Vite plugins extends Rollup's well-designed plugin interface with a few extra Vite-specific options. As a result, you can write a Vite plugin once and have it work for both dev and build.

It is recommended to go through Rollup's plugin documentation first before reading the sections below.

Authoring a Plugin

Vite strives to offer established patterns out of the box, so before creating a new plugin make sure that you check the Features guide to see if your need is covered. Also review available community plugins, both in the form of a compatible Rollup plugin and Vite Specific plugins

When creating a plugin, you can inline it in your vite.config.js. There is no need to create a new package for it. Once you see that a plugin was useful in your projects, consider sharing it to help others in the ecosystem.

TIP

When learning, debugging, or authoring plugins we suggest including vite-plugin-inspect in your project. It allows you to inspect the intermediate state of Vite plugins. After installing, you can visit localhost:5173/__inspect/ to inspect the modules and transformation stack of your project. Check out install instructions in the vite-plugin-inspect docs. vite-plugin-inspect

Conventions

If the plugin doesn't use Vite specific hooks and can be implemented as a Compatible Rollup Plugin, then it is recommended to use the Rollup Plugin naming conventions.

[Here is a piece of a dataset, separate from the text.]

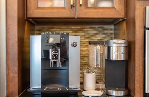 The chef's kitchen opens to a spacious great room with two seating areas and an island bar. There are two ensuite bedrooms and two additional bedrooms with multiple beds. An office space with a pullout sofa bed accommodates extra guests.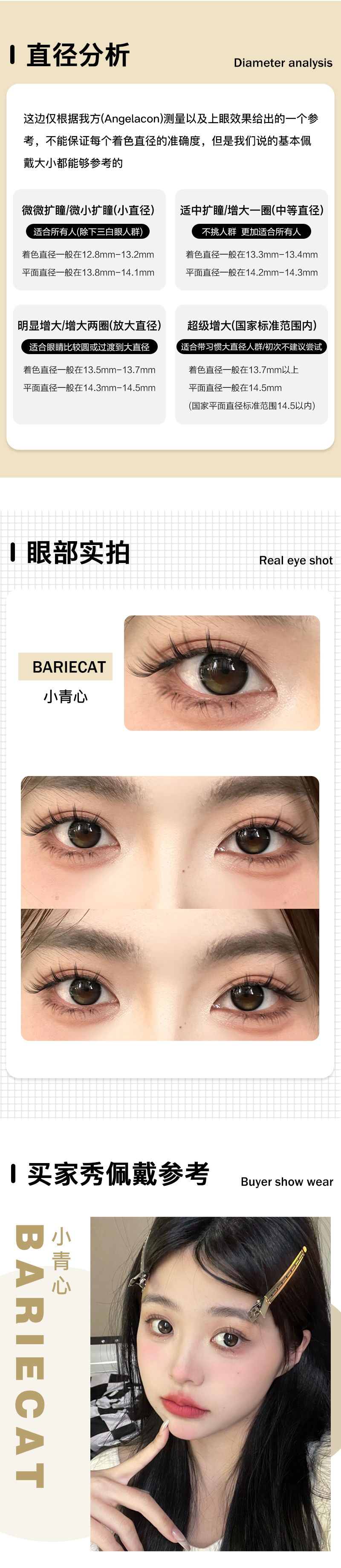 BARIECAT / 小青心 / 10片入 / 美瞳日抛 / 14.2mm / 无售后 / 适中扩瞳渐变低调融瞳自然款

  • Rollup Plugins should have a clear name with rollup-plugin- prefix.
  • Include rollup-plugin and vite-plugin keywords in package.json.

This exposes the plugin to be also used in pure Rollup or WMR based projects

For Vite only plugins

  • Vite Plugins should have a clear name with vite-plugin- prefix.
  • Include vite-plugin keyword in package.json.
  • Include a section in the plugin docs detailing why it is a Vite only plugin (for example, it uses Vite specific plugin hooks).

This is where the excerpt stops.